_Your objective:_
Leave out the pictures, and retype only the lines from the beginning of the material through the line that contains "He is buried", including both.

_Recorded information:_
= = = = =

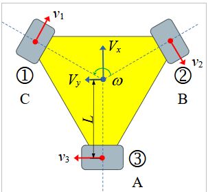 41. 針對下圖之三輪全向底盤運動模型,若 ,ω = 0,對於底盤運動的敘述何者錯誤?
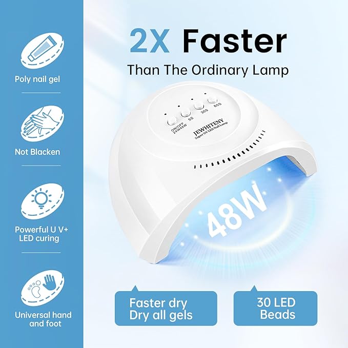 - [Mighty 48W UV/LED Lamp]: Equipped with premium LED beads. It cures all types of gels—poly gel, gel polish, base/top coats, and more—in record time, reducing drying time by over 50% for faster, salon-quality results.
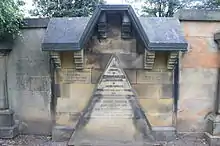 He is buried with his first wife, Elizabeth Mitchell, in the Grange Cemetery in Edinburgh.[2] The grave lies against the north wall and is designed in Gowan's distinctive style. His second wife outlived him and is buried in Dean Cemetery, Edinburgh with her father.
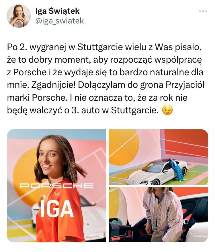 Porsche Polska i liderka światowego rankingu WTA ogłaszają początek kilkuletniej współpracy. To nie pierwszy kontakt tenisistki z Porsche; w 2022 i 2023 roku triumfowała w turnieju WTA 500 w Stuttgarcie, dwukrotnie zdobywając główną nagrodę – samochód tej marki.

= = = = =

_Output:_
 41. 針對下圖之三輪全向底盤運動模型,若 ,ω = 0,對於底盤運動的敘述何者錯誤?
 - [Mighty 48W UV/LED Lamp]: Equipped with premium LED beads. It cures all types of gels—poly gel, gel polish, base/top coats, and more—in record time, reducing drying time by over 50% for faster, salon-quality results.
 He is buried with his first wife, Elizabeth Mitchell, in the Grange Cemetery in Edinburgh.[2] The grave lies against the north wall and is designed in Gowan's distinctive style. His second wife outlived him and is buried in Dean Cemetery, Edinburgh with her father.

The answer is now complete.